The PCR method for identifying the Chinese bee honey and the Italian bee honey can effectively identify the result that the Chinese bee honey is doped with at least 1% of Italian bee honey, and meanwhile, the method directly compares the whole genome of the Chinese bee and the Italian bee to obtain a specific nucleotide sequence, so that a false negative result is avoided.
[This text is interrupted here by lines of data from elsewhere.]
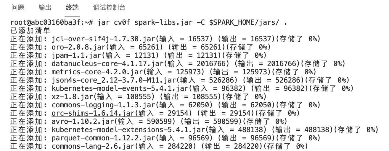 jar cv0f spark-libs.jar -C $SPARK_HOME/jars/ .
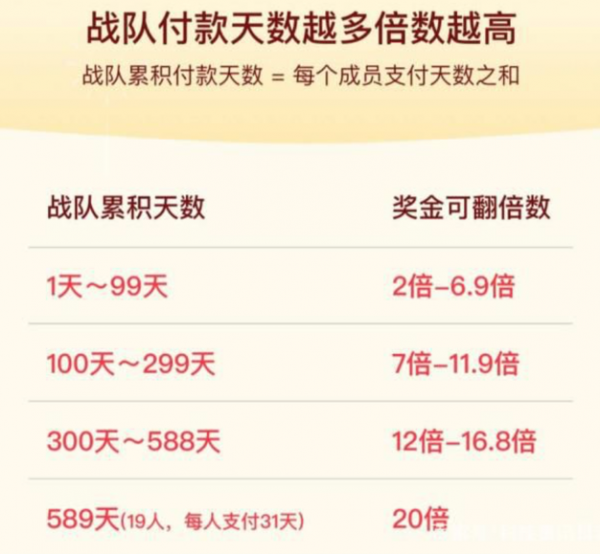 對(duì)于病毒營(yíng)銷大家都耳熟能詳了,支付寶除了關(guān)注傳播因子外,更關(guān)注被邀請(qǐng)進(jìn)入隊(duì)伍后的訂單轉(zhuǎn)化率。“瓜分9億”的活動(dòng)一直在強(qiáng)調(diào)組隊(duì)的意義,一句話就是你戰(zhàn)隊(duì)內(nèi)所有人到店付款的天數(shù)相加,累計(jì)天數(shù)越多,所翻的倍數(shù)就越高。那么想賺取更多的獎(jiǎng)勵(lì),絕大多數(shù)的用戶會(huì)都會(huì)召集自己的好友來(lái)參加,并且拉動(dòng)隊(duì)伍里面的人記得要到店消費(fèi)用花唄。在這在很大程度上保障了隊(duì)伍的訂單轉(zhuǎn)化率,讓隊(duì)伍中的每個(gè)成員不能輕易離開或跳隊(duì),并督促對(duì)方完成31天的到店支付。
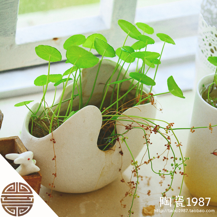 简约创意另类蛋壳形陶瓷花盆 花器家居摆件桌面装饰品套装 工艺品
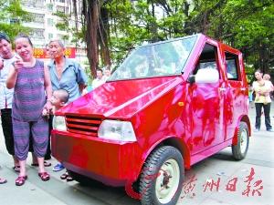 “做這玩意兒主要出于愛(ài)好。”留著淺平頭的湖北黃石人彭易然坦然而得意地告訴記者,7年來(lái)一直在東莞長(zhǎng)安霄邊從事送水、送氣的他,很想擁有一輛自己的轎車(chē),但是高昂的車(chē)價(jià)使得他望洋興嘆。于是在去年9月,僅有小學(xué)學(xué)歷的他突發(fā)奇想“自己做一輛”。
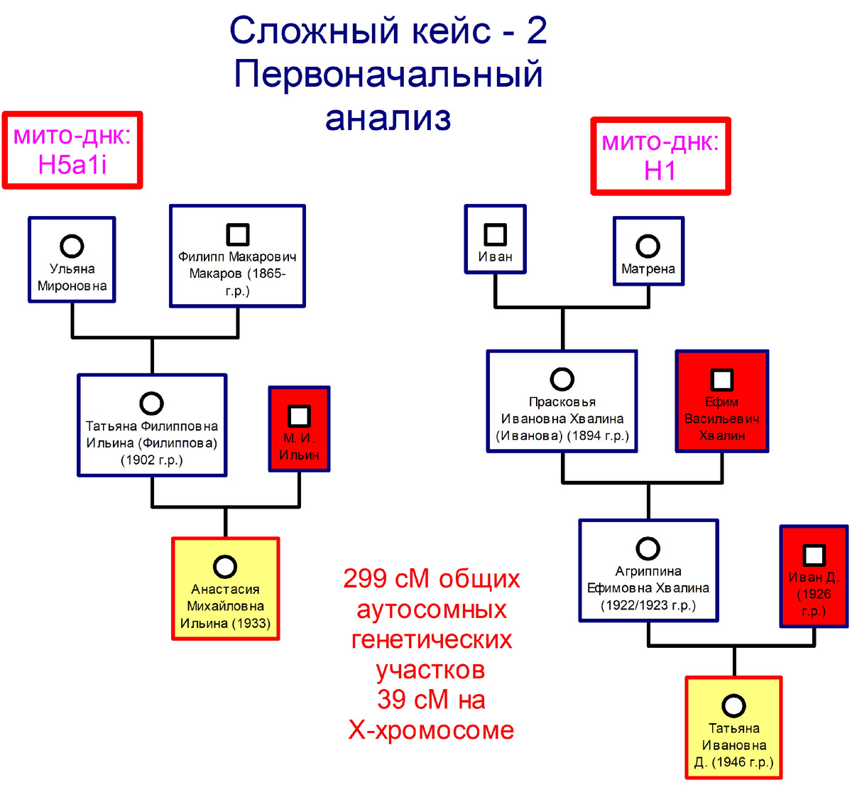 Продолжаем разбирать сложный кейс. Часть 2 (часть 1 здесь) После расспросов куратора ДНК-результатов Татьяны Д. удалось выяснить, что она родилась в 1946 году в поселке Вырица Ленинградской области. Ее мама, Агриппина, родилась в деревне Дудино Бежаницкого района Псковской области, а папа – с Украины. Деревня Дудино находится по соседству с деревней Дубки, где родилась мама Анастасии, Татьяна Филипповна. Поэтому было понятно, что общее родство с Татьяной Д. у нее идет по линии ее мамы, а у Анастасии по линии ее мамы соответственно. Более того, благодаря тому, что куратором ДНК-результатов Татьяны Д. помимо нее самой были протестированы ее родственники по линии ее дедушки, Ефима Хвалина, которые не показали родства с Анастасией, удалось вычислить, что оно идет по линии ее бабушки, Прасковьи. Также анализ времени рождения членов семьи Филипповых/Макаровых и Хвалиных указал, что Анастасия и мама Татьяны Д., Агриппина, скорее всего, были троюродными сестрами. В ходе проведенных генетическ
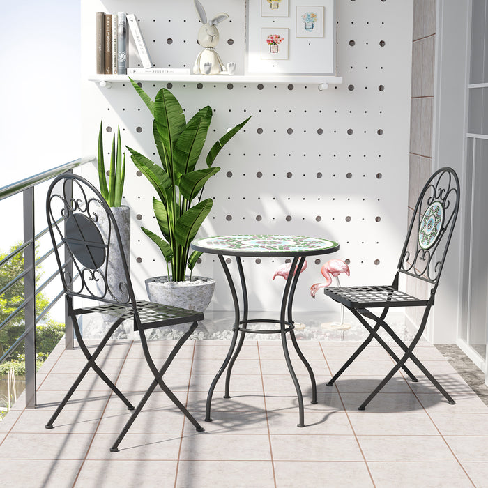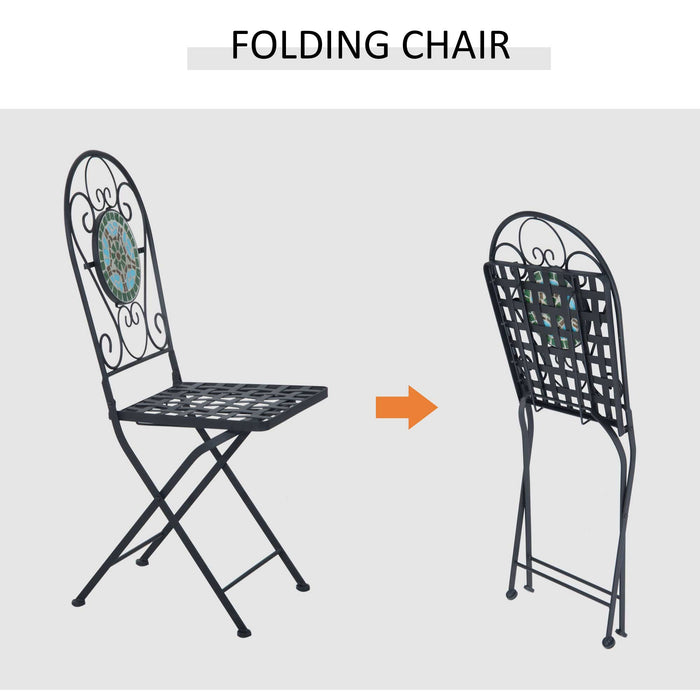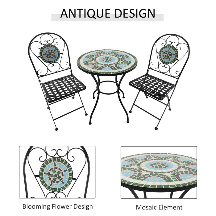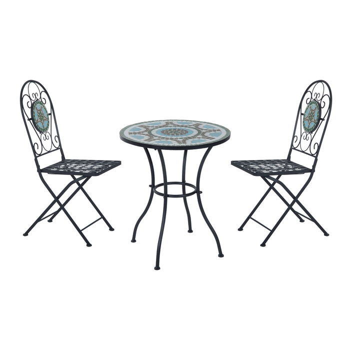 Bring the quaint charm of a Parisian café to your outdoor living space with this elegantly crafted Mosaic Bistro Set. It is the perfect choice for those looking to enrich their gardens, patios, or balconies with a touch of sophistication and comfort. Each set is meticulously adorned with a captivating mosaic design, adding artistic flair to your outdoor refreshment areas.
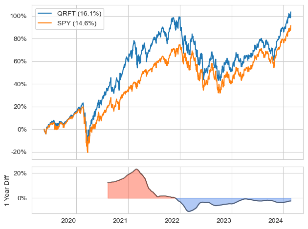 QRFT와 SPY와 1년 수익률 차이를 보면, 2021년 중반 이후로 SPY에 비해 지속적으로 성과가 미흡했음을 알 수 있습니다.
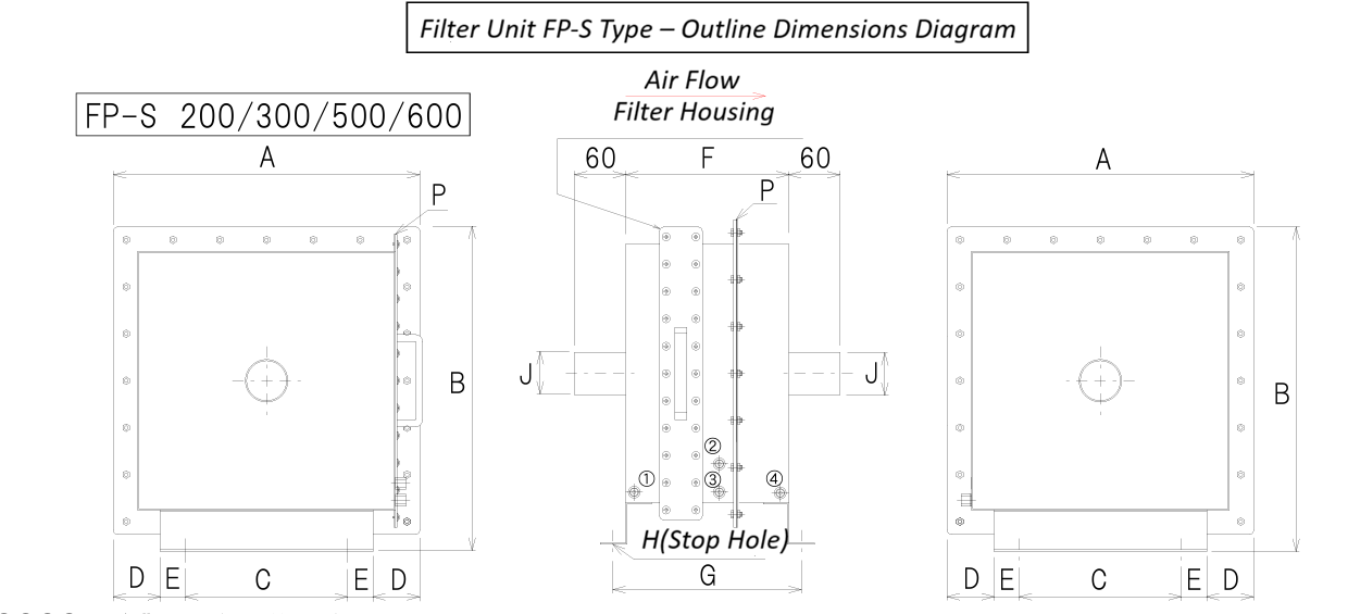 | FP-S-600 | 710 | 730 | 400 | 105 | 50 | 350 | 410 | 4-Φ9L18 | Φ100~200 | 22.3m3/min. |
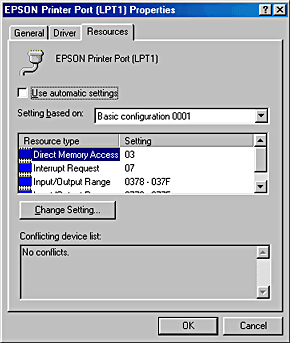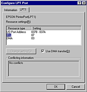 It is possible to make resource settings and enable DMA transfer in the Configure LPT Port dialog box. Refer to the appropriate section below.
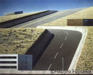 2022年1月23日(日) 振り返り中 第13 回制作年:1987 130号 実家に程近い所に開通した幹線道路のバイパスは、こんな金属製の防音壁が延々続いていました。 私の大好きだったレコードジャケット(ウェス・モンゴメリーのロードソング)を思い浮かべ、絵にしたいと思いました。 この頃になるとインパクトを求めて画面を直線だけで構成するようになり、現実の風景から離れて行きます。 初個展を銀座の貸画廊で開いた時のDMに使った絵です。 自分の中の原風景の一つである郊外をテーマに、自然破壊への抗議でもなく、文明賛歌でもない、情を挟まない透徹したニュートラルな世界を描きたかったのです。 |

The PCR method for identifying the Chinese bee honey and the Italian bee honey only needs a common PCR instrument, a gel electrophoresis instrument and a gel imaging system or an ultraviolet transmission instrument, and the detection process only needs 3 hours, and the required reagent is simple and easy to obtain, so that the method has the advantages of simple instrument and equipment requirements, short time consumption and low cost, and is suitable for popularization.

Drawings

FIG. 1 shows the result of amplification of genomic DNA of Zhongfeng and Italian bees.
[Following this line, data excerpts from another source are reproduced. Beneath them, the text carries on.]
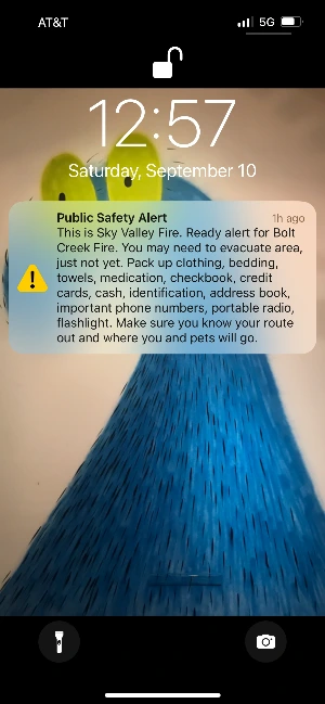 이곳은 스카이 밸리 화재 지역입니다. 볼트 크릭 화재에 대한 준비 경고입니다. 지금 당장은 아니지만, 대피해야 할 수도 있습니다. 의류, 침구, 수건, 약, 수표, 신용카드, 현금, 신분증, 주소록, 중요한 전화번호, 휴대용 라디오, 손전등 등을 챙기세요. 대피 경로와 반려동물을 어디로 데려갈지 확인하세요.
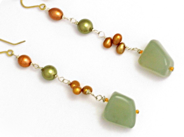 I've matched large soft green chalcedony nuggets with ice-green silver-lined glass, copper freshwater pearls and round Swarovski crystal pearls in green and copper.
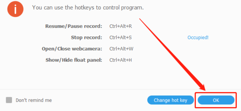 3.点击开始录制按钮之后界面中会出现一个提示界面,向我们展示了录制视频相关的一些快捷键,我们记住之后点击右下角的OK按钮即可。
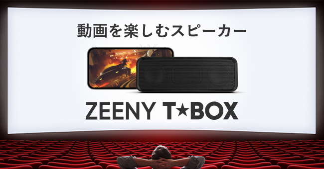 「Zeeny T★Box」は独自の音場拡張技術を搭載したBluetoothスピーカーです。のTはTheaterを表現しています。★は映画コンテンツの楽しさを表現しています。コロナ禍で映画館に行く楽しみが制限される中、動画配信をさらに楽しむことができるコンパクトな筐体のBluetoothスピーカーです。Zeeny T★Boxが、映画館の臨場感をあなたの部屋にお届けします。
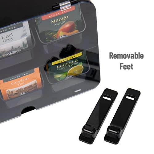 Mind Reader Foundation Collection, organizer per bustine di tè a 6 scomparti, capacità 72 sacchetti, cassetti rimovibili, coperchio trasparente incernierato, organizer da tavolo, montaggio a parete,
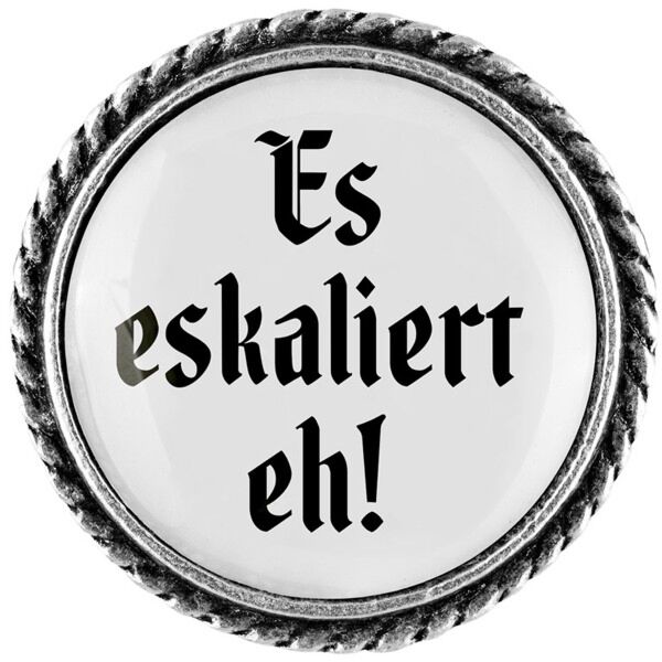 Egal ob zum feschen Dirndl, zur Lederhosen, an Weste und Hut oder einfach auch mal zu Jeans und T-Shirt: mit dem Gaudiknopf wird immer die richtige Botschaft gesendet. Ein zeitloser, fescher Trachtenanstecker für Jung und Alt, Mann und Frau, verziert mit dem originellen bayerischen Spruch "Es eskaliert eh". Ein Muss für alle, die das bayerische Lebensgefühl lieben und leben.
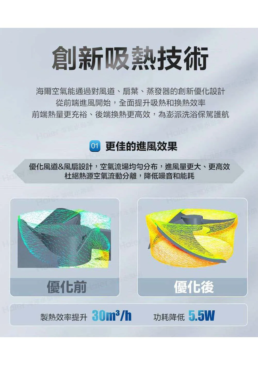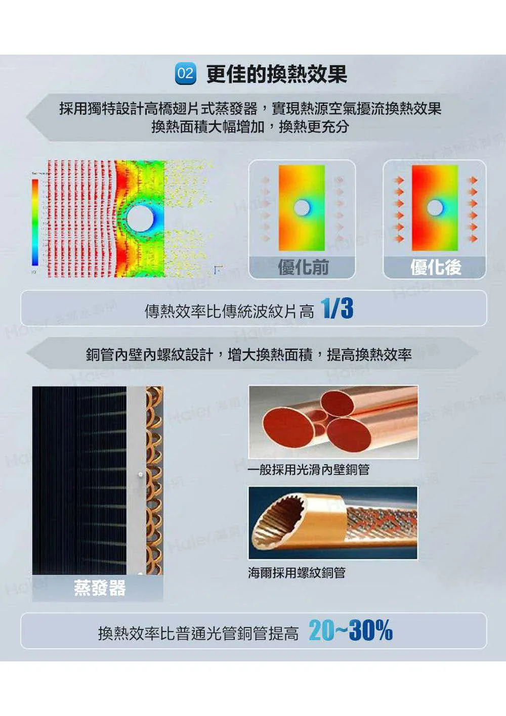 • 自凍潔科技:自動開啟自清潔功能,提高節能、換熱效率

FIG. 2 shows the result of amplification of DNA extract of honey of Zhongfeng and Yifeng.

FIG. 3 shows the amplification results of the genomic DNA template of the medium bees at different concentrations.

FIG. 4 shows the results of amplification of DNA extracts of medium honey at various concentrations.

FIG. 5 shows the amplification results of the genomic DNA templates of the Ipomoea batatas at different concentrations.

FIG. 6 shows the amplification results of DNA extracts of honey at different concentrations.

FIG. 7 shows the results of double PCR amplification of mixed genomic DNA.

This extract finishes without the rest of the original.